The ability to accept online payments has been transformed in recent years. Payment providers such as PayPal, Stripe, Zuora have made it relatively simple to accept online payments for one-off items or re-occurring services. The license model applied to a re-occurring service is, of course, a subscription. Whether it's a monthly subscription to a music streaming service like Spotify, or a monthly subscription to digital news content provided by a company like the Economist, the subscription model can work well. Among content providers, it is popular because it is simple to understand for the end customer, relatively simple to price and, if priced correctly, can also be lucrative for the content provider (Note that here I am using 'content provider' to be any provider of digital content from applications to video, to music to text, etc.). The subscription model is also popular because it is the main license model supported by payment providers such as Stripe and Zuora. They make it easy for content providers to deploy the model, offer discounts, track usage, process payments on a global basis, reconcile local taxes (in some cases) and easily integrate the payment engine into their own websites.

But not all types of content products are suitable for being shoehorned into a subscription model. This is particularly the case in B2B models. Take a simulation application for example. It doesn't really matter what is being simulated, but such an application is likely to be relatively sophisticated in composition, requires a decent amount of processing power to run and is likely to be more, rather than less expensive to purchase. It may also not be used that frequently. In this case, a subscription model is not suitable because the end customer will be paying for something they are not actually using on a regular basis. In contrast, an 'aggregate use time' license model may be more appropriate as it would charge the customer based on a pre-booked amount of usage. Similarly, a 'consumption time' model may be appropriate if the end customer would prefer to pay on an ad hoc basis.

Customers want and expect flexibility in paying for online services, particularly in B2B cases.

Another example of where a subscription model is not suitable is where an online application/service is accessed by multiple people but each requires it on an infrequent basis. One subscription per person would likely cost the end customer more than they would likely be happy to pay, so being able to offer them a floating pool of licenses, which can be drawn down by different people on an 'as needed' basis would offer much greater flexibility than a simple subscription. A floating model, tied to an aggregate use time model, could offer the best of both worlds, by offering multiple employees access to the online service but at the same time also 'capping' the total amount of time the application can be used for, thereby limiting the cost.

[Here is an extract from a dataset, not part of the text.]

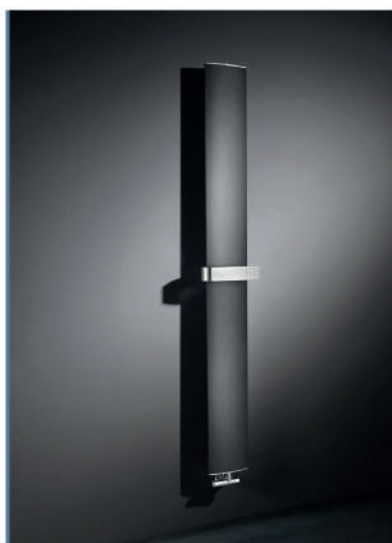
OTHELLO MONO SLIM

It is worth keeping in mind that customers want and expect flexibility in paying for online services, particularly in B2B cases. The success of services such as Amazon's AWS for example, has fundamentally shifted the B2B buyer's expectation to one where he or she will likely prefer to pay only for what is used - whether measured by time, storage, CPU cycles, feature set or similar.

The license models listed above need not be difficult to deploy. The 10Duke Entitlements engine offers simple web-based configuration to these and many more licensing models, suitable for both B2C and B2B businesses. Rather than trying to shoehorn your online service into a subscription model, you can still leverage the processing capabilities of online payment providers such as PayPal, Stripe, Recurly, Zuroa, Braintree, FastSpring, and Ayden but apply a license model or models to your products which is tailored to them specifically and more appropriately suits the nature of the underlying application or service you are offering.